(About this task)
The answer is to be the lines below that lie between the line holding "上图是我们一个简单的demo" and the line holding "在 Copilot 的协助下,系统会根据您上传的文件自动生成一个", inclusive, transcribed exactly and free of pictures.

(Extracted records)
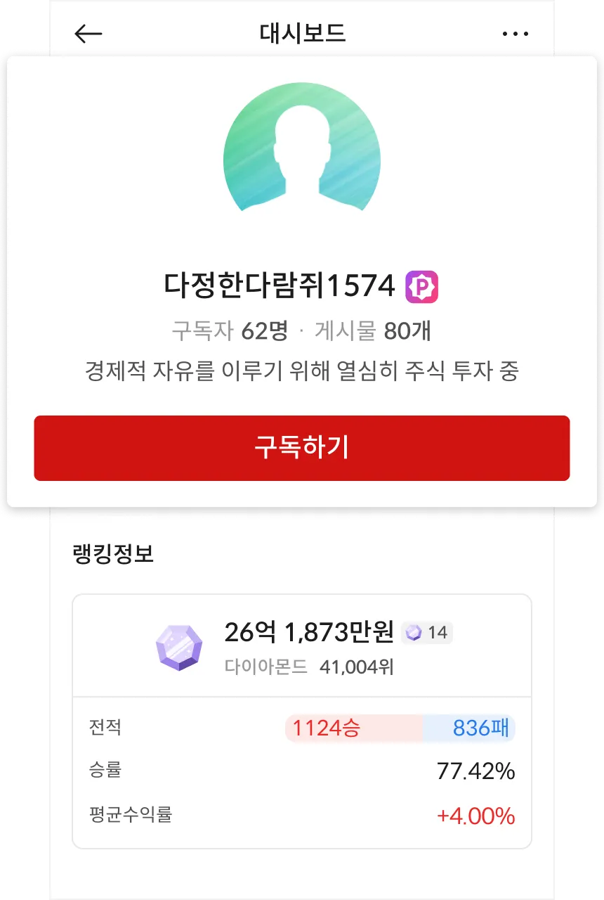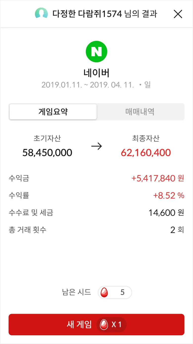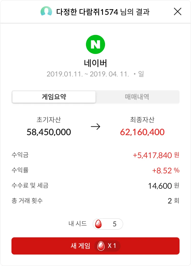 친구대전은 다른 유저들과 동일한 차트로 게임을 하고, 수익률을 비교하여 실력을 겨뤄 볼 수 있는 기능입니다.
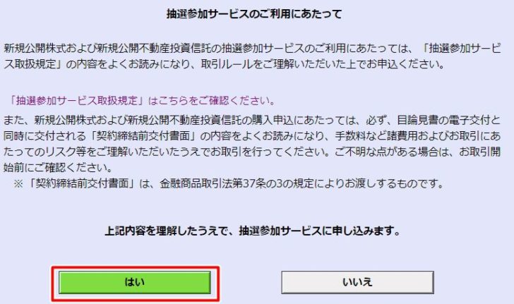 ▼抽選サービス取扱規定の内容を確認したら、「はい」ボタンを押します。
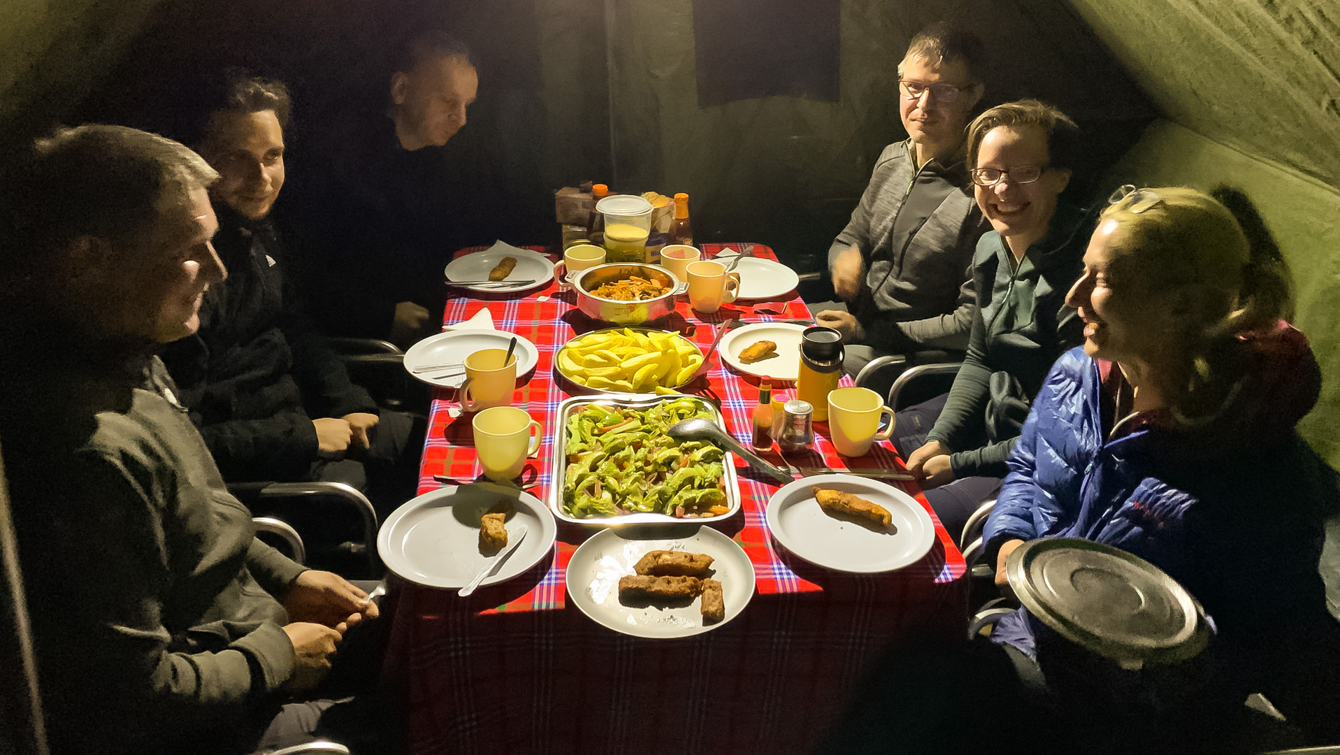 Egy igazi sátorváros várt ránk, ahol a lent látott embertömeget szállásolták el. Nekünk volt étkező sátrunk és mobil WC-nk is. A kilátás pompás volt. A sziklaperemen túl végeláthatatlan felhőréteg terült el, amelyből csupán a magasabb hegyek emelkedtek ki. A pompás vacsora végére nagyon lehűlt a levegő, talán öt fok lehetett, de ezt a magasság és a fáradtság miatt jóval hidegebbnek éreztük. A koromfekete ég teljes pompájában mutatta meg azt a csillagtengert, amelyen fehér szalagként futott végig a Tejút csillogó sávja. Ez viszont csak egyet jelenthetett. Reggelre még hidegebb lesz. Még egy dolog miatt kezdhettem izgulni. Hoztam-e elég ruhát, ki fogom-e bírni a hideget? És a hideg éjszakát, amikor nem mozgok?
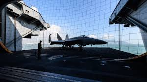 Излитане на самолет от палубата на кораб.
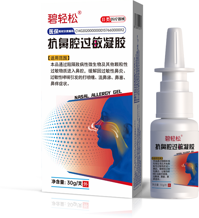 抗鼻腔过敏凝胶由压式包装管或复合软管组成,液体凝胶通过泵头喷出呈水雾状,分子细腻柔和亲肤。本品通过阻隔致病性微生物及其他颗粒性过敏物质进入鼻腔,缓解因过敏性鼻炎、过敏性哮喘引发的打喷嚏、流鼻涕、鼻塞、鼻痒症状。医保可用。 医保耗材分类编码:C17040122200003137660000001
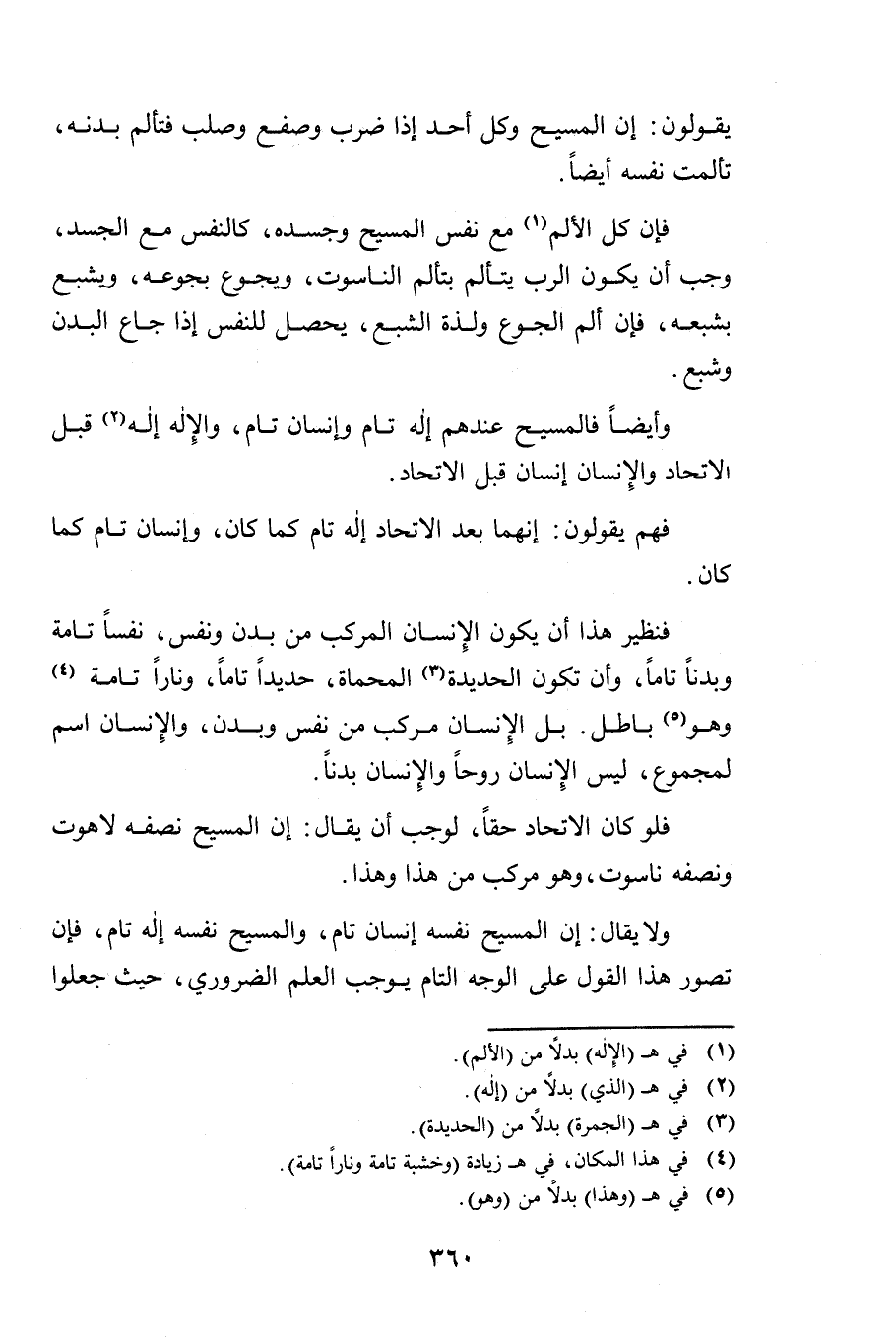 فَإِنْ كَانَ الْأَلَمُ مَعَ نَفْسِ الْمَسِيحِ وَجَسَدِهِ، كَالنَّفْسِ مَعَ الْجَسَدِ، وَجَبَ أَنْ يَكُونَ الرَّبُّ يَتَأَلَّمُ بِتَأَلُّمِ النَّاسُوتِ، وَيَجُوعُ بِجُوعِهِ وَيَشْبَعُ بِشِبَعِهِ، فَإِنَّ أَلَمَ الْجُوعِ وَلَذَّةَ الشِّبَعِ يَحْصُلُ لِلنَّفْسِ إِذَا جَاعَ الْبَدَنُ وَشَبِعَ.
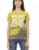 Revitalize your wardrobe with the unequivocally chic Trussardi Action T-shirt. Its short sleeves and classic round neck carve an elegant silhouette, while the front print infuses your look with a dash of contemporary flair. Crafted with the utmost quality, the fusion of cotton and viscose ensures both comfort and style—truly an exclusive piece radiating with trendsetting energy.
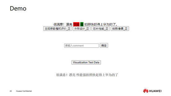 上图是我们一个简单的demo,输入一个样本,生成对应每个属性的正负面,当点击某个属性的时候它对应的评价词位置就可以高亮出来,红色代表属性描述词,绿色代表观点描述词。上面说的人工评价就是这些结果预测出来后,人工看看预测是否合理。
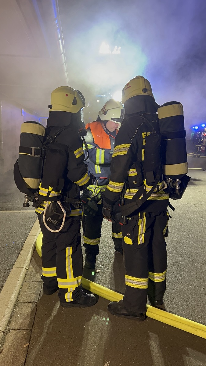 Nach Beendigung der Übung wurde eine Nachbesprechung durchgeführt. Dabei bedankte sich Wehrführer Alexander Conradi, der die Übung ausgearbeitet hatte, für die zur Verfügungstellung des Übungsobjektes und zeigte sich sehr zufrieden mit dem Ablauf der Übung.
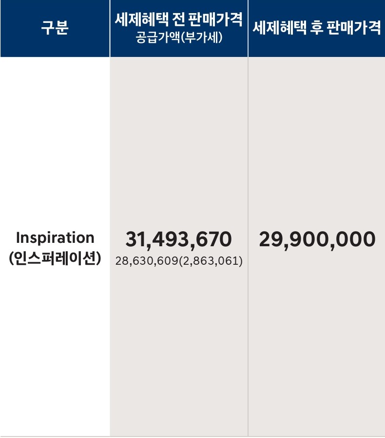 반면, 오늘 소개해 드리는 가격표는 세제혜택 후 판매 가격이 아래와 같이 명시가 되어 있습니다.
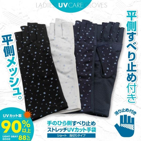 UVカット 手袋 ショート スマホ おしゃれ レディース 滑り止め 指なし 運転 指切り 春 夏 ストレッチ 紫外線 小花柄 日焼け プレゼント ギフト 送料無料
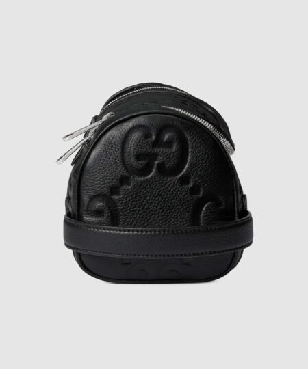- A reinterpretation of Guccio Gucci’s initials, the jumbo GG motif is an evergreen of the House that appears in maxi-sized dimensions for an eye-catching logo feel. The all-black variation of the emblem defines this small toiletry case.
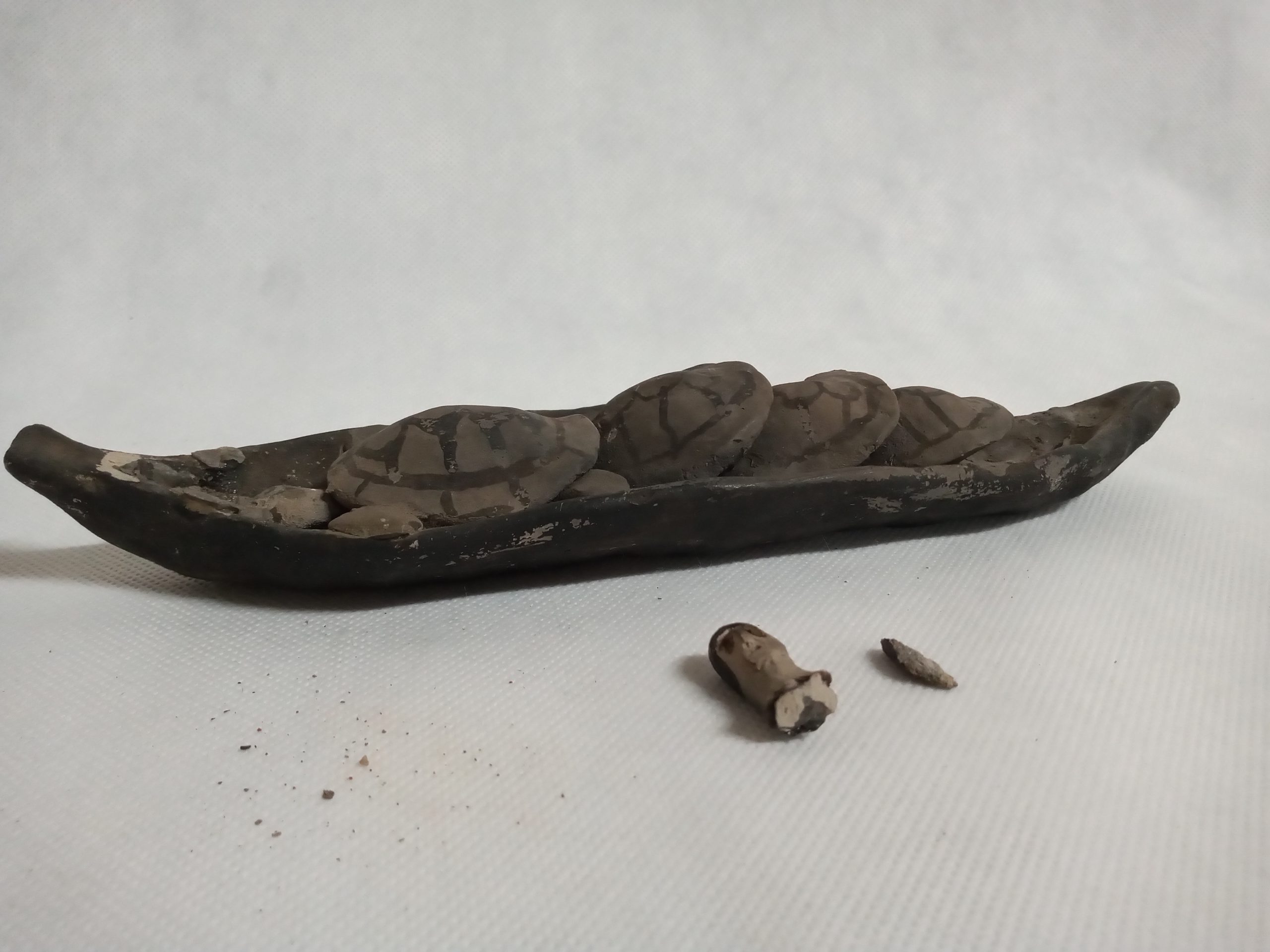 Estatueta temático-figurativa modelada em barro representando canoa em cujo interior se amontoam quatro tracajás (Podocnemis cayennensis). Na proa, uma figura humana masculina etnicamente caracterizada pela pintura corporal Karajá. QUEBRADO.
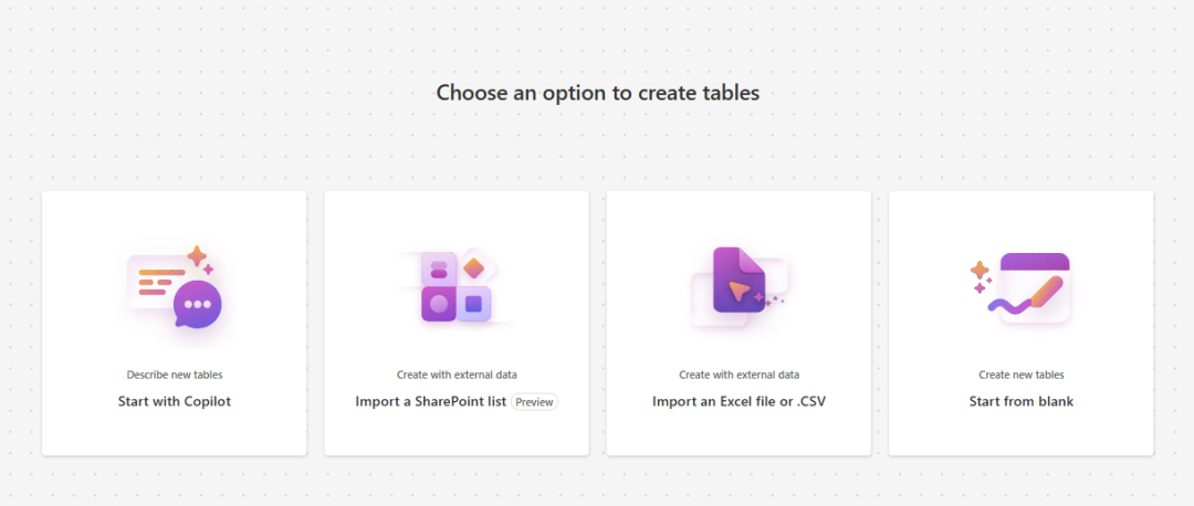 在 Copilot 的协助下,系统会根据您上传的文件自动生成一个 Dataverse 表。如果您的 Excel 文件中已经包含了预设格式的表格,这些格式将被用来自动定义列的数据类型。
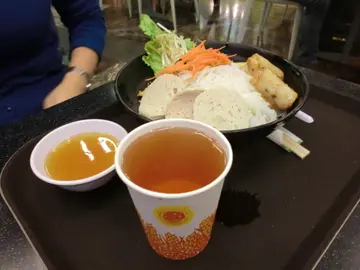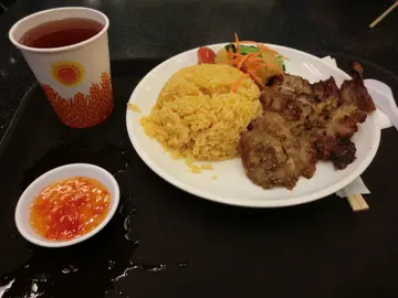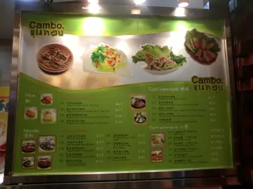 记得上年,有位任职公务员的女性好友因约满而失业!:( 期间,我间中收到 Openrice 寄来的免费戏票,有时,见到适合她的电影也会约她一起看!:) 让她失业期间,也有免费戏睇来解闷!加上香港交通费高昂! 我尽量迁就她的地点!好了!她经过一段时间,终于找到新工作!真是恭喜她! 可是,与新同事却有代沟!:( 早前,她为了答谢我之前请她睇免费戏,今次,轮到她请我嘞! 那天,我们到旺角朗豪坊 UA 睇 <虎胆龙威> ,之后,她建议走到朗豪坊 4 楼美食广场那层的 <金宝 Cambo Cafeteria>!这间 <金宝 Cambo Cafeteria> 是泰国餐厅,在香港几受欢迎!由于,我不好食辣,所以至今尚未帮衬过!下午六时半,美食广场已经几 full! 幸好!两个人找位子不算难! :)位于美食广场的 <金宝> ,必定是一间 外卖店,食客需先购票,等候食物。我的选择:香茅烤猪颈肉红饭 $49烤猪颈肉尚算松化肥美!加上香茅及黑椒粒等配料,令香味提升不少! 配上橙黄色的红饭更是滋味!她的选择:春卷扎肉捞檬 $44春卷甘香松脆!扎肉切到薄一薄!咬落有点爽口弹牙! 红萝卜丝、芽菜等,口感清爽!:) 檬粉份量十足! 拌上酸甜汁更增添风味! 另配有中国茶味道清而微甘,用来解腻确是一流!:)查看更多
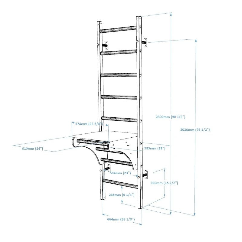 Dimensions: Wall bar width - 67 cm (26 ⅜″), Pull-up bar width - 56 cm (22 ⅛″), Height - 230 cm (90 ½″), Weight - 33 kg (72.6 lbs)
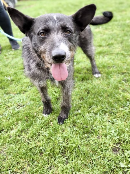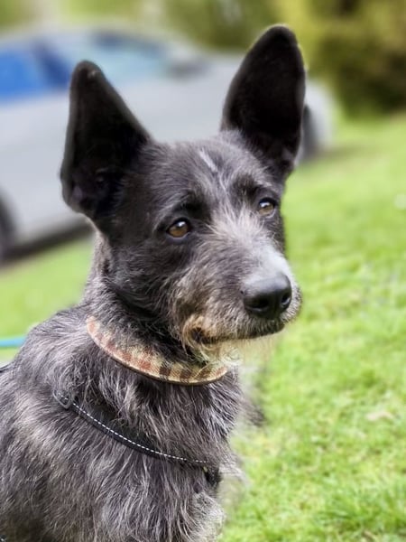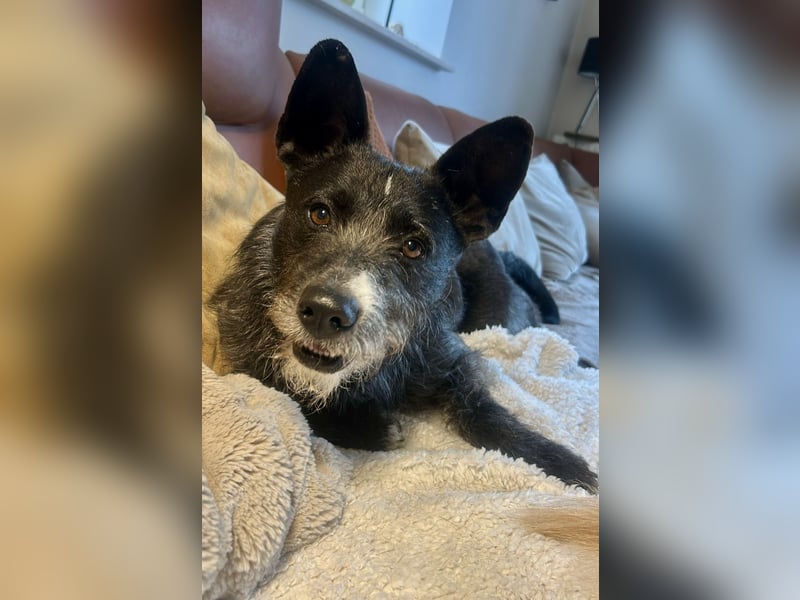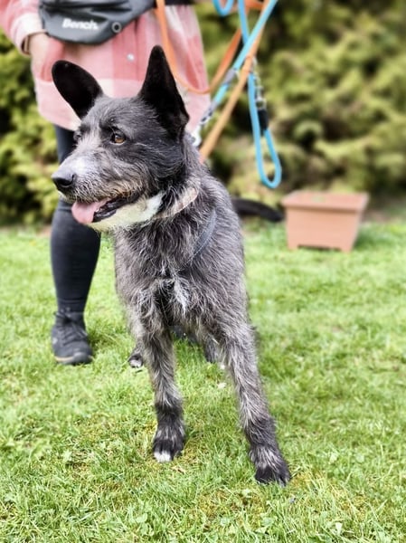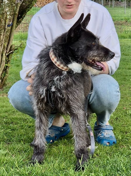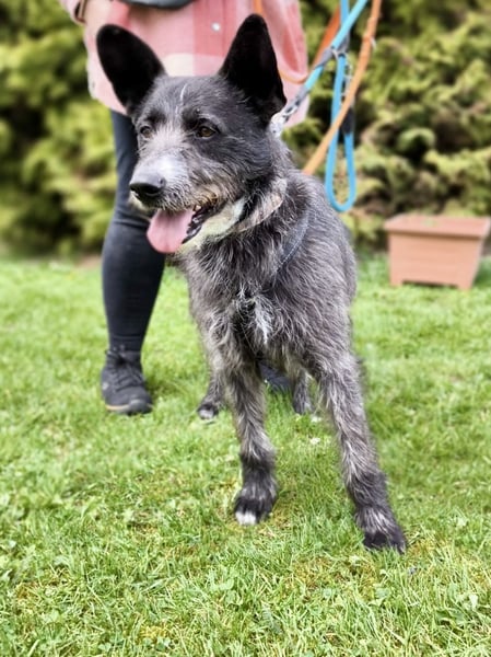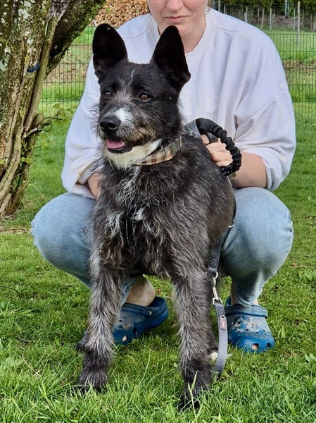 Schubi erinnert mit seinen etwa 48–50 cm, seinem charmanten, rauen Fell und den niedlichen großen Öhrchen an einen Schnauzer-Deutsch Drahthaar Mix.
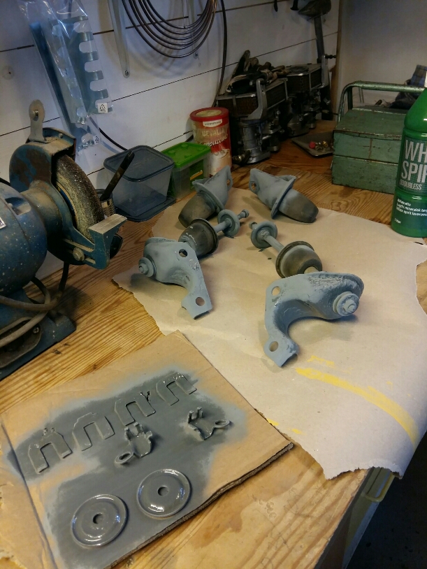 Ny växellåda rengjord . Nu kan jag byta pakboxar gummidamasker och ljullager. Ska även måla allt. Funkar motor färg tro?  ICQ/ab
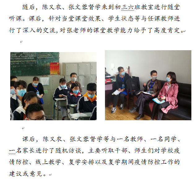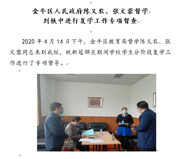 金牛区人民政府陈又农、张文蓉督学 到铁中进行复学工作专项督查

(Task response)
 上图是我们一个简单的demo,输入一个样本,生成对应每个属性的正负面,当点击某个属性的时候它对应的评价词位置就可以高亮出来,红色代表属性描述词,绿色代表观点描述词。上面说的人工评价就是这些结果预测出来后,人工看看预测是否合理。
 Nach Beendigung der Übung wurde eine Nachbesprechung durchgeführt. Dabei bedankte sich Wehrführer Alexander Conradi, der die Übung ausgearbeitet hatte, für die zur Verfügungstellung des Übungsobjektes und zeigte sich sehr zufrieden mit dem Ablauf der Übung.
 반면, 오늘 소개해 드리는 가격표는 세제혜택 후 판매 가격이 아래와 같이 명시가 되어 있습니다.
 UVカット 手袋 ショート スマホ おしゃれ レディース 滑り止め 指なし 運転 指切り 春 夏 ストレッチ 紫外線 小花柄 日焼け プレゼント ギフト 送料無料
- A reinterpretation of Guccio Gucci’s initials, the jumbo GG motif is an evergreen of the House that appears in maxi-sized dimensions for an eye-catching logo feel. The all-black variation of the emblem defines this small toiletry case.
 Estatueta temático-figurativa modelada em barro representando canoa em cujo interior se amontoam quatro tracajás (Podocnemis cayennensis). Na proa, uma figura humana masculina etnicamente caracterizada pela pintura corporal Karajá. QUEBRADO.
 在 Copilot 的协助下,系统会根据您上传的文件自动生成一个 Dataverse 表。如果您的 Excel 文件中已经包含了预设格式的表格,这些格式将被用来自动定义列的数据类型。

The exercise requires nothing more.